In [5]:
import nltk
from nltk.corpus import brown

fieldids = nltk.corpus.brown.fileids()
training_corpus = brown.sents(fieldids)


In [12]:
START_SYMBOL = '<s>'
STOP_SYMBOL = '</s>'

# Calculates unigram, bigram, and trigram probabilities given a training corpus
# training_corpus: is a list of the sentences. Each sentence is a list, ending in a '.' character.
# This function outputs three python dictionaries, where the keys are tuples expressing the ngram and the value is the log probability of that ngram
def calc_probabilities(training_corpus):
    import collections
    import math
    unigram_c = collections.defaultdict(int)
    bigram_c = collections.defaultdict(int)
    trigram_c = collections.defaultdict(int)

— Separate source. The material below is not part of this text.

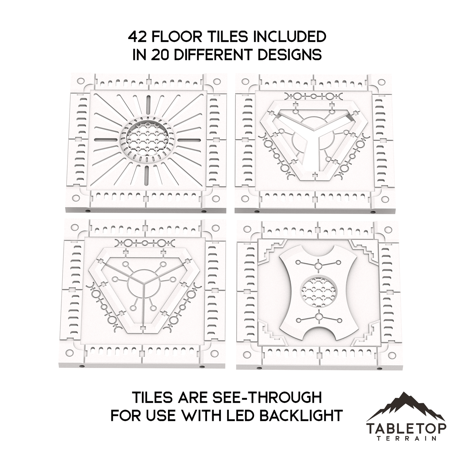Floor Set adds- 42 Floor tiles, 26 Floor Border Tiles, 56 Floor Risers for underneath LED lighting.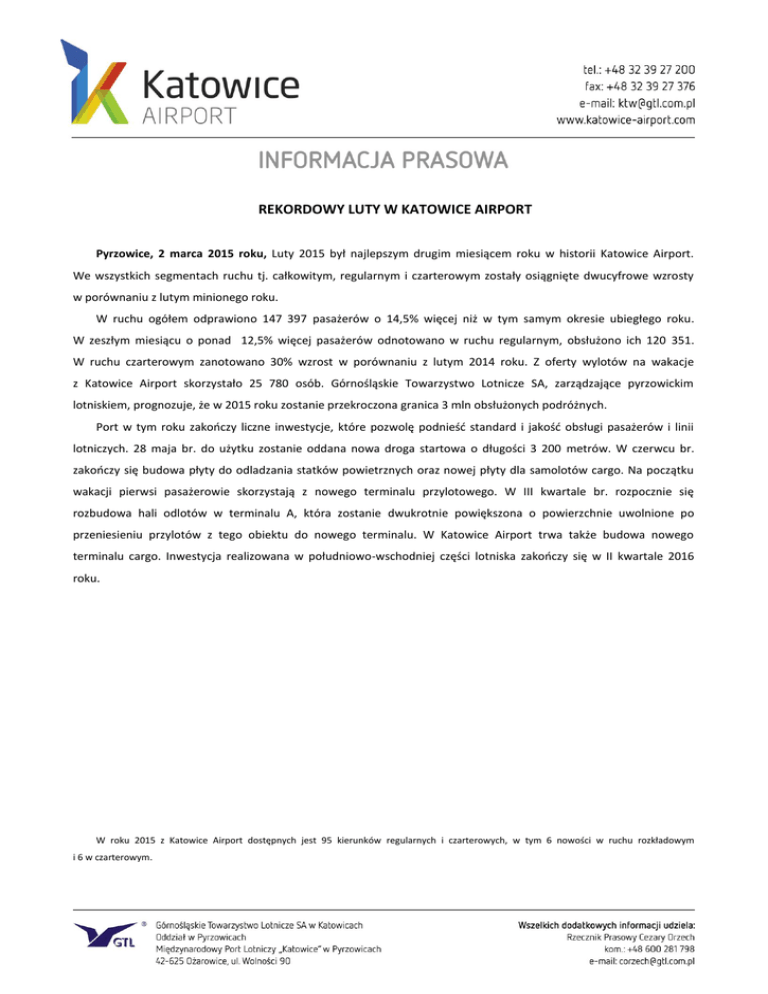 REKORDOWY LUTY W KATOWICE AIRPORT Pyrzowice, 2 marca 2015 roku, Luty 2015 był najlepszym drugim miesiącem roku w historii Katowice Airport. We wszystkich segmentach ruchu tj. całkowitym, regularnym i czarterowym zostały osiągnięte dwucyfrowe wzrosty w porównaniu z lutym minionego roku. W ruchu ogółem odprawiono 147 397 pasażerów o 14,5% więcej niż w tym samym okresie ubiegłego roku. W zeszłym miesiącu o ponad 12,5% więcej pasażerów odnotowano w ruchu regularnym, obsłużono ich 120 351. W ruchu czarterowym zanotowano 30% wzrost w porównaniu z lutym 2014 roku. Z oferty wylotów na wakacje z Katowice Airport skorzystało 25 780 osób. Górnośląskie Towarzystwo Lotnicze SA, zarządzające pyrzowickim lotniskiem, prognozuje, że w 2015 roku zostanie przekroczona granica 3 mln obsłużonych podróżnych. Port w tym roku zakończy liczne inwestycje, które pozwolę podnieść standard i jakość obsługi pasażerów i linii lotniczych. 28 maja br. do użytku zostanie oddana nowa droga startowa o długości 3 200 metrów. W czerwcu br. zakończy się budowa płyty do odladzania statków powietrznych oraz nowej płyty dla samolotów cargo. Na początku wakacji pierwsi pasażerowie skorzystają z nowego terminalu przylotowego. W III kwartale br. rozpocznie się rozbudowa hali odlotów w terminalu A, która zostanie dwukrotnie powiększona o powierzchnie uwolnione po przeniesieniu przylotów z tego obiektu do nowego terminalu. W Katowice Airport trwa także budowa nowego terminalu cargo. Inwestycja realizowana w południowo-wschodniej części lotniska zakończy się w II kwartale 2016 roku. W roku 2015 z Katowice Airport dostępnych jest 95 kierunków regularnych i czarterowych, w tym 6 nowości w ruchu rozkładowym i 6 w czarterowym.

    for sentence in training_corpus:
        tokens0 = sentence[:-1]             #removing last '.'
        tokens1 = tokens0 + [STOP_SYMBOL]
        tokens2 = [START_SYMBOL] + tokens0 + [STOP_SYMBOL]
        tokens3 = [START_SYMBOL] + [START_SYMBOL] + tokens0 + [STOP_SYMBOL]
        # unigrams
        for unigram in tokens1:
            unigram_c[unigram] += 1  #unigram_c is unigram count

        # bigrams
        for bigram in nltk.bigrams(tokens2):
            bigram_c[bigram] += 1

        # trigrams
        for trigram in nltk.trigrams(tokens3):
            trigram_c[trigram] += 1

    unigrams_len = sum(unigram_c.values())
    unigram_p = {k: math.log(float(v) / unigrams_len, 2) for k, v in unigram_c.items()}

    # calc P(W2|W1) = P(W2,W1) / P(W1) = C(W2,W1) / C(W1)
    unigram_c[START_SYMBOL] = len(training_corpus)
    bigram_p = {k: math.log(float(v) / unigram_c[k[0]], 2) for k, v in bigram_c.items()}

    bigram_c[(START_SYMBOL, START_SYMBOL)] = len(training_corpus)
    trigram_p = {k: math.log(float(v) / bigram_c[k[:2]], 2) for k, v in trigram_c.items()}
    return unigram_p, bigram_p, trigram_p


In [24]:
from itertools import islice
n_items = list(islice(calc_probabilities(training_corpus)[1].items(), 10))
print(n_items)

[(('<s>', 'The'), -3.1315177287659792), (('The', 'Fulton'), -12.82515755470108), (('Fulton', 'County'), -1.5025003405291832), (('County', 'Grand'), -6.409390936137703), (('Grand', 'Jury'), -3.1699250014423126), (('Jury', 'said'), -2.0), (('said', 'Friday'), -8.923327485419193), (('Friday', 'an'), -5.906890595608519), (('an', 'investigation'), -8.98299357469431), (('investigation', 'of'), -1.5193741590935794)]